I know in python I can just take one list and do a '==' to see if its the same but what if they are not the exact same, but instead have somewhat similar values(or not).
Here's an example:
#Batch one
[1, 10, 20]
[5, 15, 10]
[70, 19, 15]
[50, 40, 20]
#Batch two
[46, 19, 8]
[6, 14, 8]
[2, 11, 44]
Say I want to score/rank the two batches by how similar they are to each other. I thought I could just add all the numbers and then compare them by the total value, but I don't think that works because [5, 6,1000] [600, 200, 211] would seem similar.
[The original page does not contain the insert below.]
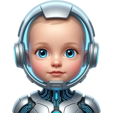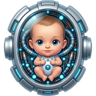 This image is a piece of digital art depicting a futuristic fetus or cyborg infant encased in technology. The subject appears to be integrated with electronic circuitry, resembling a human-machine hybrid. emoji

In this example, [5, 15, 10] and [6, 14, 8] should get the highest score.
I thought of dividing each value and look at the percent difference but that seems really expensive if the lists get large with many variables(I may eventually have thousands of lists with over 800 variables in each) and I suspect there maybe a better approach.
Any suggestions ?
Upvotes: 1
Views: 3690
Reputation: 39893
How about using the Euclidean distance?
In a list comprehension:
def distance(lista, listb):
return sum( (b - a) ** 2 for a,b in zip(lista, listb) ) ** .5
Or more written out:
def distance(lista, listb):
runsum = 0.0
for a, b in zip(lista, listb):
# square the distance of each
# then add them back into the sum
runsum += (b - a) ** 2
# square root it
return runsum **.5
Upvotes: 3
Reputation: 7807
The obvious solutions are already here. Basically they correspond to calculating |x-mean(x)|^p for each set (if p=2, this is equivalent to calculating variance).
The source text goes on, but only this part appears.